Ohio, Indiana report 10 more cases of variant H3N2

Aug 2, 2012 (CIDRAP News) – Nine people in Ohio and one in Indiana, all of whom had visited county fairs or had contact with pigs, have tested positive for variant swine-origin H3N2 influenza, health officials in the two states have announced, raising the apparent number of such flu cases reported in the past year to 28.

Variant H3N2 (H3N2v) flu cases have been confirmed in 9 of 10 people who were tested after they had symptoms following contact with pigs at the Butler County Fair in Hamilton, Ohio, said Robert Jennings, a spokesman for the Ohio Department of Health (ODH), today. He told CIDRAP News that the 10th person is being retested. Yesterday officials said the illnesses resembled seasonal flu, and none of the patients were hospitalized.

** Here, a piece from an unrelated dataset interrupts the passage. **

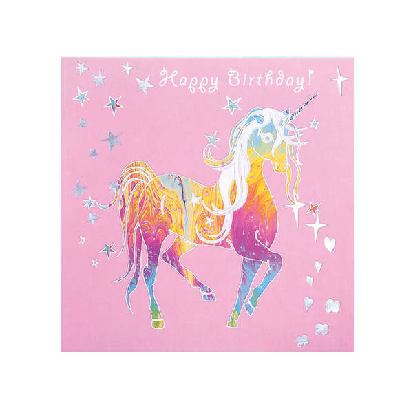 hand illustrated unicorn themed greetings card sparkly design blank inside individually wrapped in cellophane ideal for unicorn lovers
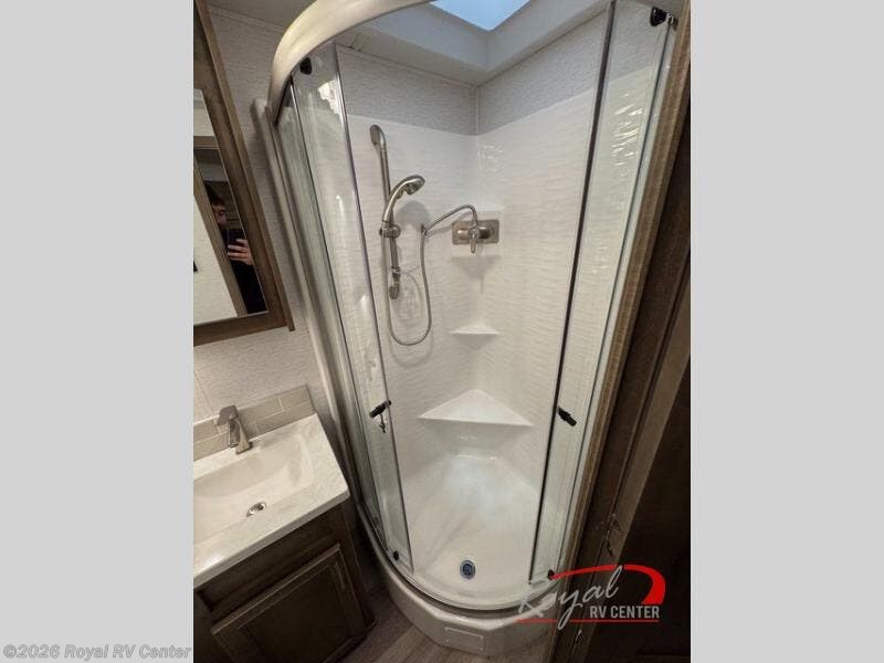 With any Renegade Verona Super C diesel motorhome, you will have confidence to explore the open road! The Cummins 360HP 3200TRV Allison transmission gives you the power and performance to travel anywhere, and the 3000-watt true sine wave inverter makes this an electric coach, plus the aluminum automotive cab construction is designed and tested for occupant protection. The interior boast about the solid hardwood cabinets including every cabinet stile and passage door are made from hardwood for true residential craftsmanship and the articulating cabinet hinges complete the package. More luxurious features include the solid surface countertops, the memory foam mattress, and the wavy patterned fiberglass shower with a glass door. Choose extreme luxury, purpose and durability; take a Verona on the road today!

The nine cases apparently make the Butler County outbreak the biggest one since this H3N2v strain emerged in the United States last summer. Most of the patients have been children, and most had contact with pigs.

In neighboring Indiana, the State Department of Health announced late yesterday that it identified a case of "variant influenza A" in a person from Jackson County who had contact with swine.

The statement gave no further details about the case, but Jackson County lies just southeast of Monroe County, where several people and pigs were being tested for flu in connection with the Monroe County Fair, according to reports yesterday. Illness among pigs had prompted officials to close the swine barn at the fair, and some people who had visited the fair were sick, according to the earlier reports.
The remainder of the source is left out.